WORK REQUEST: Character for character, write out the data below.

RECORDS SHOWN:
= Beginning of Section =
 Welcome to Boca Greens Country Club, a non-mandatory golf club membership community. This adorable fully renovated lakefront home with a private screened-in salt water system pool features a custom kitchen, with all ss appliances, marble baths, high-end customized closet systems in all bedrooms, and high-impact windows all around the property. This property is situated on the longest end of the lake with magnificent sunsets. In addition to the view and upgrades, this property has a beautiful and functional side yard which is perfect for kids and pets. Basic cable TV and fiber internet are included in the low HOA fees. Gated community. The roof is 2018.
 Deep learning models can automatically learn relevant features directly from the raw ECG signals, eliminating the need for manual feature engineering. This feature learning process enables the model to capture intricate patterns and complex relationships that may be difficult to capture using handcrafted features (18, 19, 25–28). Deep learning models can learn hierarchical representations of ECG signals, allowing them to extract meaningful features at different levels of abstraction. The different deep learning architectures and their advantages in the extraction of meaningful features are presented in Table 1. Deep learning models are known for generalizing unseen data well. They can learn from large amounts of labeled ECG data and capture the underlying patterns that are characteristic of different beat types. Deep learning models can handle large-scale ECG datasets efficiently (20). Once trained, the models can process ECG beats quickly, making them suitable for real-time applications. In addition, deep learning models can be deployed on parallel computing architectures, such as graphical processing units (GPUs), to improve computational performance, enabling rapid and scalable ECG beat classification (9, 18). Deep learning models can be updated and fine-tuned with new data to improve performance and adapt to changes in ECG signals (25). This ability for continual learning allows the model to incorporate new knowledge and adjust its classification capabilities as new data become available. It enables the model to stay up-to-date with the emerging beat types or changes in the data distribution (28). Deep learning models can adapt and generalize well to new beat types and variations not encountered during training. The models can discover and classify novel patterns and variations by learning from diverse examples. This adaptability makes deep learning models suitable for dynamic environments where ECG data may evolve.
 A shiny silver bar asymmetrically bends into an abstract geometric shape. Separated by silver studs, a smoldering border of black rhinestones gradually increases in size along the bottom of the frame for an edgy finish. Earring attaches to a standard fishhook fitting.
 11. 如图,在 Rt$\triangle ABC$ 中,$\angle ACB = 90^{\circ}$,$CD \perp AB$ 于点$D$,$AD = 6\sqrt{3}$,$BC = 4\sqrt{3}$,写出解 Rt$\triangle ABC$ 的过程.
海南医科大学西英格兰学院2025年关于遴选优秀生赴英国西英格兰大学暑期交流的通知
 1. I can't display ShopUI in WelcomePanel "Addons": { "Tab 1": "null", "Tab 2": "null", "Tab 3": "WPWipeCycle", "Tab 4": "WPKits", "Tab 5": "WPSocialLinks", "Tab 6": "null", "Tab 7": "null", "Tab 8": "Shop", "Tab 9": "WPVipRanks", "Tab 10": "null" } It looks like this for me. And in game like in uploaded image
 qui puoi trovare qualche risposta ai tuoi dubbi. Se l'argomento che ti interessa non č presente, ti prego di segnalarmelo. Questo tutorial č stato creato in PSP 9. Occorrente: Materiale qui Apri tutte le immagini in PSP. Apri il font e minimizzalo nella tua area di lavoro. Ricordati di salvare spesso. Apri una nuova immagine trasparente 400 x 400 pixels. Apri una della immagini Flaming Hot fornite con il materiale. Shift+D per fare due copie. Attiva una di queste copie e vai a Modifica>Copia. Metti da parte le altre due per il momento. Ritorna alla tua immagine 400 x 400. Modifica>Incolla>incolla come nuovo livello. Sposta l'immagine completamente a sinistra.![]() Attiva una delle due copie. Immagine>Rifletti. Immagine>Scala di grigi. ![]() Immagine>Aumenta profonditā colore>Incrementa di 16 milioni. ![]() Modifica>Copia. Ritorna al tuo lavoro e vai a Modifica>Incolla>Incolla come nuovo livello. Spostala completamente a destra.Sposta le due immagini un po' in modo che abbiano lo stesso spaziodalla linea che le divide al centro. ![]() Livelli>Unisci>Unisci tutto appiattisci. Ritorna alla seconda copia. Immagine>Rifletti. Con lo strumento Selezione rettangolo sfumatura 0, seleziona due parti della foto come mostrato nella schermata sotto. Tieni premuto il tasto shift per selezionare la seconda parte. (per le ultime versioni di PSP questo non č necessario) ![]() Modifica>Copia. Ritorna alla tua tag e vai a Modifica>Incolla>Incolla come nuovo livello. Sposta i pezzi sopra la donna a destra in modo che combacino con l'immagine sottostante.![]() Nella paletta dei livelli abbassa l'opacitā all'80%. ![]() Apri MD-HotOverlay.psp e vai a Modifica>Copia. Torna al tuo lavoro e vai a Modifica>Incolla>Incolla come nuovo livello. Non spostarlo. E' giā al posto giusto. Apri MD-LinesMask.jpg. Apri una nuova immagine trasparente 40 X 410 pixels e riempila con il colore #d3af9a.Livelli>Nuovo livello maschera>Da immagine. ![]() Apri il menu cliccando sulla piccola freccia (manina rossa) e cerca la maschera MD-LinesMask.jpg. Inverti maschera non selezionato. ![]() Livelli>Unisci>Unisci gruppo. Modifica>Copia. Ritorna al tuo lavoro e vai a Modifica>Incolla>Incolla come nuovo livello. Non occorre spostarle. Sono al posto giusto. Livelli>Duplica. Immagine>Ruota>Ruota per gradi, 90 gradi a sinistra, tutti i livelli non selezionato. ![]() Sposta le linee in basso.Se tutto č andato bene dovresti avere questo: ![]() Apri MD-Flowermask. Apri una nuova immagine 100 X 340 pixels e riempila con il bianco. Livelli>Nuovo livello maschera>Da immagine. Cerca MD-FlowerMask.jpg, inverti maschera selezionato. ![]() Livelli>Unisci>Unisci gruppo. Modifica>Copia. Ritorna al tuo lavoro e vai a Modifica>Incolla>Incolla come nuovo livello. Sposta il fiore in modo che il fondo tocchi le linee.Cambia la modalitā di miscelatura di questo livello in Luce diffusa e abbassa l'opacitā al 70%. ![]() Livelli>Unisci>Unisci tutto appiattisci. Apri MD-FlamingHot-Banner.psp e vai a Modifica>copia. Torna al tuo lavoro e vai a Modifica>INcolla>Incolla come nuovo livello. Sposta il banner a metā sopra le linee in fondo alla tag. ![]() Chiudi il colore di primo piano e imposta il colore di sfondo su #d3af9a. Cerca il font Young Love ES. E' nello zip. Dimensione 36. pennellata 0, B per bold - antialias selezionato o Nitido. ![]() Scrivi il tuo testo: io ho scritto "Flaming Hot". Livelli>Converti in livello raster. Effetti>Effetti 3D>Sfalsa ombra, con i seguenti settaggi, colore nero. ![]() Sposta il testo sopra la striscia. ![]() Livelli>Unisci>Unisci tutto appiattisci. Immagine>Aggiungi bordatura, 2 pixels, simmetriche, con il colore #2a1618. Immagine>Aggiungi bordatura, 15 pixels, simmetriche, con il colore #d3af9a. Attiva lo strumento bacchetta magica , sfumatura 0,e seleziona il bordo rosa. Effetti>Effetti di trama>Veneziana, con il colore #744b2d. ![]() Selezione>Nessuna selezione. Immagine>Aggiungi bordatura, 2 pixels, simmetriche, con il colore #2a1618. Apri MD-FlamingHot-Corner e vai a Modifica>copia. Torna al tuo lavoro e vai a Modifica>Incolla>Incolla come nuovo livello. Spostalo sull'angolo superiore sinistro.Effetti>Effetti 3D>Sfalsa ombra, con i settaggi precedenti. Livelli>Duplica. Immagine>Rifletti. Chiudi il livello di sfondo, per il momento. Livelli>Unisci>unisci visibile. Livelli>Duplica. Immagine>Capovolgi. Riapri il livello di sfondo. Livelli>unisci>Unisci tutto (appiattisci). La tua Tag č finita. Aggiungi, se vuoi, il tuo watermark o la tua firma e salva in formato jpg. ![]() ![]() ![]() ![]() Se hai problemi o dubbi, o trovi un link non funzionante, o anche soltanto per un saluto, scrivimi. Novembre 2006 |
= End of Section =
EXERCISE RESPONSE:
 Welcome to Boca Greens Country Club, a non-mandatory golf club membership community. This adorable fully renovated lakefront home with a private screened-in salt water system pool features a custom kitchen, with all ss appliances, marble baths, high-end customized closet systems in all bedrooms, and high-impact windows all around the property. This property is situated on the longest end of the lake with magnificent sunsets. In addition to the view and upgrades, this property has a beautiful and functional side yard which is perfect for kids and pets. Basic cable TV and fiber internet are included in the low HOA fees. Gated community. The roof is 2018.
 Deep learning models can automatically learn relevant features directly from the raw ECG signals, eliminating the need for manual feature engineering. This feature learning process enables the model to capture intricate patterns and complex relationships that may be difficult to capture using handcrafted features (18, 19, 25–28). Deep learning models can learn hierarchical representations of ECG signals, allowing them to extract meaningful features at different levels of abstraction. The different deep learning architectures and their advantages in the extraction of meaningful features are presented in Table 1. Deep learning models are known for generalizing unseen data well. They can learn from large amounts of labeled ECG data and capture the underlying patterns that are characteristic of different beat types. Deep learning models can handle large-scale ECG datasets efficiently (20). Once trained, the models can process ECG beats quickly, making them suitable for real-time applications. In addition, deep learning models can be deployed on parallel computing architectures, such as graphical processing units (GPUs), to improve computational performance, enabling rapid and scalable ECG beat classification (9, 18). Deep learning models can be updated and fine-tuned with new data to improve performance and adapt to changes in ECG signals (25). This ability for continual learning allows the model to incorporate new knowledge and adjust its classification capabilities as new data become available. It enables the model to stay up-to-date with the emerging beat types or changes in the data distribution (28). Deep learning models can adapt and generalize well to new beat types and variations not encountered during training. The models can discover and classify novel patterns and variations by learning from diverse examples. This adaptability makes deep learning models suitable for dynamic environments where ECG data may evolve.
 A shiny silver bar asymmetrically bends into an abstract geometric shape. Separated by silver studs, a smoldering border of black rhinestones gradually increases in size along the bottom of the frame for an edgy finish. Earring attaches to a standard fishhook fitting.
 11. 如图,在 Rt$\triangle ABC$ 中,$\angle ACB = 90^{\circ}$,$CD \perp AB$ 于点$D$,$AD = 6\sqrt{3}$,$BC = 4\sqrt{3}$,写出解 Rt$\triangle ABC$ 的过程.
海南医科大学西英格兰学院2025年关于遴选优秀生赴英国西英格兰大学暑期交流的通知
 1. I can't display ShopUI in WelcomePanel "Addons": { "Tab 1": "null", "Tab 2": "null", "Tab 3": "WPWipeCycle", "Tab 4": "WPKits", "Tab 5": "WPSocialLinks", "Tab 6": "null", "Tab 7": "null", "Tab 8": "Shop", "Tab 9": "WPVipRanks", "Tab 10": "null" } It looks like this for me. And in game like in uploaded image
 qui puoi trovare qualche risposta ai tuoi dubbi. Se l'argomento che ti interessa non č presente, ti prego di segnalarmelo. Questo tutorial č stato creato in PSP 9. Occorrente: Materiale qui Apri tutte le immagini in PSP. Apri il font e minimizzalo nella tua area di lavoro. Ricordati di salvare spesso. Apri una nuova immagine trasparente 400 x 400 pixels. Apri una della immagini Flaming Hot fornite con il materiale. Shift+D per fare due copie. Attiva una di queste copie e vai a Modifica>Copia. Metti da parte le altre due per il momento. Ritorna alla tua immagine 400 x 400. Modifica>Incolla>incolla come nuovo livello. Sposta l'immagine completamente a sinistra.![]() Attiva una delle due copie. Immagine>Rifletti. Immagine>Scala di grigi. ![]() Immagine>Aumenta profonditā colore>Incrementa di 16 milioni. ![]() Modifica>Copia. Ritorna al tuo lavoro e vai a Modifica>Incolla>Incolla come nuovo livello. Spostala completamente a destra.Sposta le due immagini un po' in modo che abbiano lo stesso spaziodalla linea che le divide al centro. ![]() Livelli>Unisci>Unisci tutto appiattisci. Ritorna alla seconda copia. Immagine>Rifletti. Con lo strumento Selezione rettangolo sfumatura 0, seleziona due parti della foto come mostrato nella schermata sotto. Tieni premuto il tasto shift per selezionare la seconda parte. (per le ultime versioni di PSP questo non č necessario) ![]() Modifica>Copia. Ritorna alla tua tag e vai a Modifica>Incolla>Incolla come nuovo livello. Sposta i pezzi sopra la donna a destra in modo che combacino con l'immagine sottostante.![]() Nella paletta dei livelli abbassa l'opacitā all'80%. ![]() Apri MD-HotOverlay.psp e vai a Modifica>Copia. Torna al tuo lavoro e vai a Modifica>Incolla>Incolla come nuovo livello. Non spostarlo. E' giā al posto giusto. Apri MD-LinesMask.jpg. Apri una nuova immagine trasparente 40 X 410 pixels e riempila con il colore #d3af9a.Livelli>Nuovo livello maschera>Da immagine. ![]() Apri il menu cliccando sulla piccola freccia (manina rossa) e cerca la maschera MD-LinesMask.jpg. Inverti maschera non selezionato. ![]() Livelli>Unisci>Unisci gruppo. Modifica>Copia. Ritorna al tuo lavoro e vai a Modifica>Incolla>Incolla come nuovo livello. Non occorre spostarle. Sono al posto giusto. Livelli>Duplica. Immagine>Ruota>Ruota per gradi, 90 gradi a sinistra, tutti i livelli non selezionato. ![]() Sposta le linee in basso.Se tutto č andato bene dovresti avere questo: ![]() Apri MD-Flowermask. Apri una nuova immagine 100 X 340 pixels e riempila con il bianco. Livelli>Nuovo livello maschera>Da immagine. Cerca MD-FlowerMask.jpg, inverti maschera selezionato. ![]() Livelli>Unisci>Unisci gruppo. Modifica>Copia. Ritorna al tuo lavoro e vai a Modifica>Incolla>Incolla come nuovo livello. Sposta il fiore in modo che il fondo tocchi le linee.Cambia la modalitā di miscelatura di questo livello in Luce diffusa e abbassa l'opacitā al 70%. ![]() Livelli>Unisci>Unisci tutto appiattisci. Apri MD-FlamingHot-Banner.psp e vai a Modifica>copia. Torna al tuo lavoro e vai a Modifica>INcolla>Incolla come nuovo livello. Sposta il banner a metā sopra le linee in fondo alla tag. ![]() Chiudi il colore di primo piano e imposta il colore di sfondo su #d3af9a. Cerca il font Young Love ES. E' nello zip. Dimensione 36. pennellata 0, B per bold - antialias selezionato o Nitido. ![]() Scrivi il tuo testo: io ho scritto "Flaming Hot". Livelli>Converti in livello raster. Effetti>Effetti 3D>Sfalsa ombra, con i seguenti settaggi, colore nero. ![]() Sposta il testo sopra la striscia. ![]() Livelli>Unisci>Unisci tutto appiattisci. Immagine>Aggiungi bordatura, 2 pixels, simmetriche, con il colore #2a1618. Immagine>Aggiungi bordatura, 15 pixels, simmetriche, con il colore #d3af9a. Attiva lo strumento bacchetta magica , sfumatura 0,e seleziona il bordo rosa. Effetti>Effetti di trama>Veneziana, con il colore #744b2d. ![]() Selezione>Nessuna selezione. Immagine>Aggiungi bordatura, 2 pixels, simmetriche, con il colore #2a1618. Apri MD-FlamingHot-Corner e vai a Modifica>copia. Torna al tuo lavoro e vai a Modifica>Incolla>Incolla come nuovo livello. Spostalo sull'angolo superiore sinistro.Effetti>Effetti 3D>Sfalsa ombra, con i settaggi precedenti. Livelli>Duplica. Immagine>Rifletti. Chiudi il livello di sfondo, per il momento. Livelli>Unisci>unisci visibile. Livelli>Duplica. Immagine>Capovolgi. Riapri il livello di sfondo. Livelli>unisci>Unisci tutto (appiattisci). La tua Tag č finita. Aggiungi, se vuoi, il tuo watermark o la tua firma e salva in formato jpg. ![]() ![]() ![]() ![]() Se hai problemi o dubbi, o trovi un link non funzionante, o anche soltanto per un saluto, scrivimi. Novembre 2006 |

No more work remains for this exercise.